§ **Problem statement**
Your answer must be the exact lines below, starting with the line with "Fântână din oțel" and going on through the line with "В набор входят", both included, with no pictures.

§ **Source data**
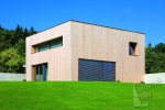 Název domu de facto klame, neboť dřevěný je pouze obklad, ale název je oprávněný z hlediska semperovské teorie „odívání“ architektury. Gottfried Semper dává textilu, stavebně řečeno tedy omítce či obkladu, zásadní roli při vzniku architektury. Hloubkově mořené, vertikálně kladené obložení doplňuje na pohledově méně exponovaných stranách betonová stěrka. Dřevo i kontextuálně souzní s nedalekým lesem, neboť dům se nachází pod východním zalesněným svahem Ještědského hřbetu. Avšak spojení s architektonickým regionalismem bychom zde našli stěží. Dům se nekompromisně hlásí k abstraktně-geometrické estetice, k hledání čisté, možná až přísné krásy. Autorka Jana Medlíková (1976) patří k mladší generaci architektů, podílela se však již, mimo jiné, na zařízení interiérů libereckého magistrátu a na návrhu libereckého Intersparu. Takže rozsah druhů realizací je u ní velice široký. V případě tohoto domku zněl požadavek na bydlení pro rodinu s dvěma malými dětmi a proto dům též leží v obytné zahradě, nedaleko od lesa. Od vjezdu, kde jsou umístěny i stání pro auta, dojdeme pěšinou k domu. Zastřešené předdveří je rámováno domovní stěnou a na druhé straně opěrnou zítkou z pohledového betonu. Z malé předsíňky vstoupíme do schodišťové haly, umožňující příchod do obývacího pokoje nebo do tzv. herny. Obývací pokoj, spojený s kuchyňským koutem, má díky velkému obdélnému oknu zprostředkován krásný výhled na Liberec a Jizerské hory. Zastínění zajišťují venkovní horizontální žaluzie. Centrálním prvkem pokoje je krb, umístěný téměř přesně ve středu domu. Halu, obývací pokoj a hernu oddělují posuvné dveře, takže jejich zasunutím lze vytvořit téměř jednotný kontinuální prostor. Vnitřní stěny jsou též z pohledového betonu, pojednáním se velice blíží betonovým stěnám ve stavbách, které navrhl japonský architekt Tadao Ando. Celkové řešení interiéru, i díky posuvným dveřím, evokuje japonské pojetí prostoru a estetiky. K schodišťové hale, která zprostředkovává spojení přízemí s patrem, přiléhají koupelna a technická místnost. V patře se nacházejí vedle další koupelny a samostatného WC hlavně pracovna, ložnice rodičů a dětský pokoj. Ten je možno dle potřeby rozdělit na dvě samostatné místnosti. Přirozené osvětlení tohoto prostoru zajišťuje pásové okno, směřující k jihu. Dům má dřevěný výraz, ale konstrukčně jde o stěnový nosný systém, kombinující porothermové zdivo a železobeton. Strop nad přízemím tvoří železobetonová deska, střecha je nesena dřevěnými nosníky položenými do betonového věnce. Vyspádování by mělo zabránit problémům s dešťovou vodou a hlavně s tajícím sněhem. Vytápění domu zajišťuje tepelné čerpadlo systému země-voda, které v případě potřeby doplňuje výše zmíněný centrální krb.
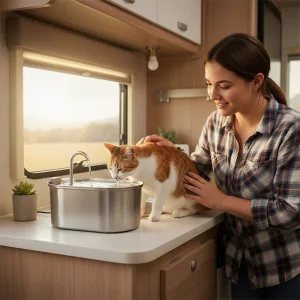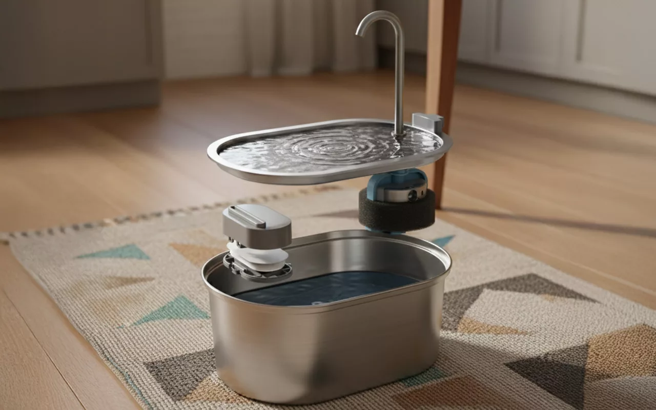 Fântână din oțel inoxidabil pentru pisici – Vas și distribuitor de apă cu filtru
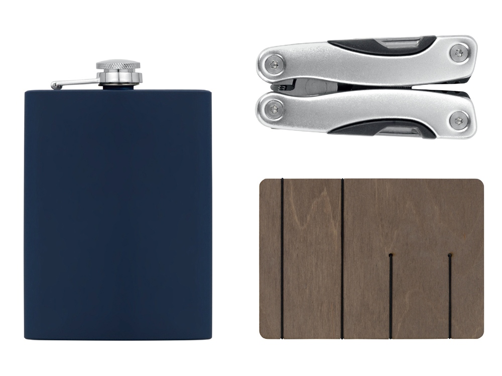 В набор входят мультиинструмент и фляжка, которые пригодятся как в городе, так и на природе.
* * *
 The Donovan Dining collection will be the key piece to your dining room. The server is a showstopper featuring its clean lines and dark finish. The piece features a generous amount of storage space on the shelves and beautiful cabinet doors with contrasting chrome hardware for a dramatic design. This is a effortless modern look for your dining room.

§ **Output of the task**
 Fântână din oțel inoxidabil pentru pisici – Vas și distribuitor de apă cu filtru
 В набор входят мультиинструмент и фляжка, которые пригодятся как в городе, так и на природе.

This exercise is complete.